**Activity:** Output, exactly as written, the lines below starting at the line containing "kullandı.İŞTE O PAYLAŞIMLAR" and ending at the line containing "夏物 花柄 8884196017772662". Drop the pictures and keep both end lines.

**Data section:**
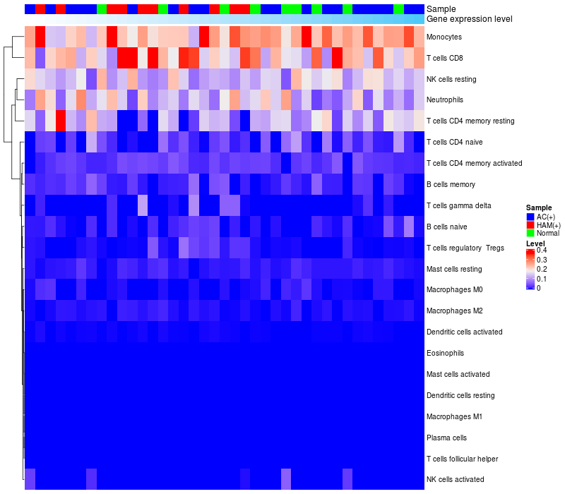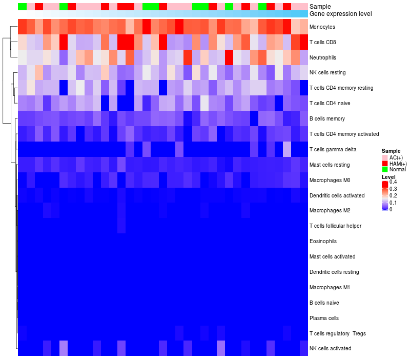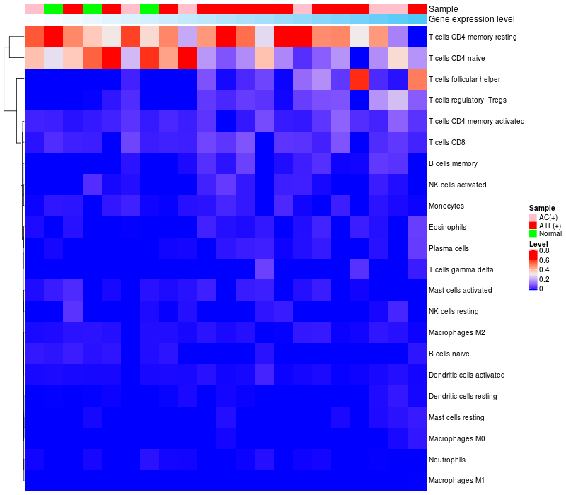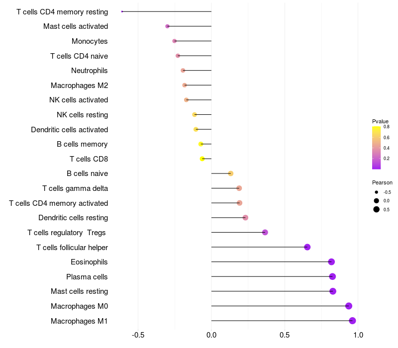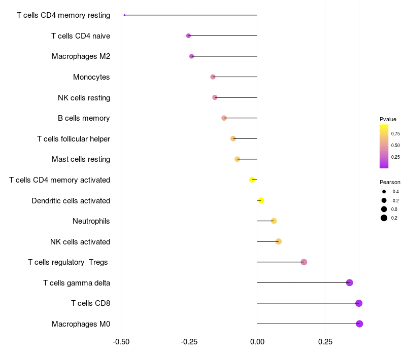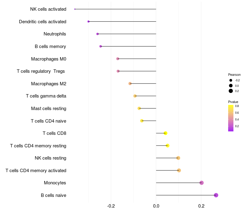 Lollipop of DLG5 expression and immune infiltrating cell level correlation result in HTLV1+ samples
--
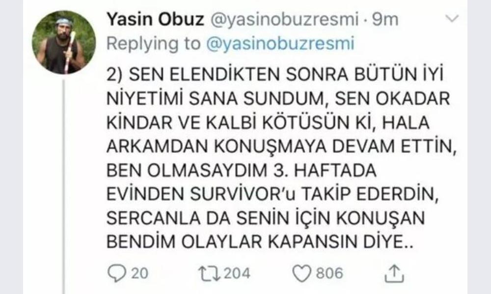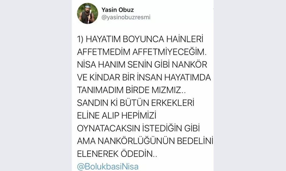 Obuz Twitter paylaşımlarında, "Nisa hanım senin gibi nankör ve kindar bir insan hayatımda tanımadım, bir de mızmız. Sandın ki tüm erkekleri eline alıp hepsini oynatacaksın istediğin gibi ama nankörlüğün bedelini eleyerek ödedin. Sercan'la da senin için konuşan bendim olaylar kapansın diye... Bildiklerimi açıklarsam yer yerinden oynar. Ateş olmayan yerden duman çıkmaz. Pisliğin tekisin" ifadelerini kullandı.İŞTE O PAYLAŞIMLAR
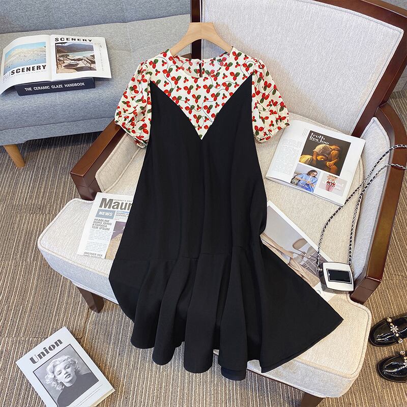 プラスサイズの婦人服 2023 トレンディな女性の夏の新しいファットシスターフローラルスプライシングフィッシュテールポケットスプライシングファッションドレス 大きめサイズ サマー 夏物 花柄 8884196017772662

**Response to this exercise:**
 Obuz Twitter paylaşımlarında, "Nisa hanım senin gibi nankör ve kindar bir insan hayatımda tanımadım, bir de mızmız. Sandın ki tüm erkekleri eline alıp hepsini oynatacaksın istediğin gibi ama nankörlüğün bedelini eleyerek ödedin. Sercan'la da senin için konuşan bendim olaylar kapansın diye... Bildiklerimi açıklarsam yer yerinden oynar. Ateş olmayan yerden duman çıkmaz. Pisliğin tekisin" ifadelerini kullandı.İŞTE O PAYLAŞIMLAR
 プラスサイズの婦人服 2023 トレンディな女性の夏の新しいファットシスターフローラルスプライシングフィッシュテールポケットスプライシングファッションドレス 大きめサイズ サマー 夏物 花柄 8884196017772662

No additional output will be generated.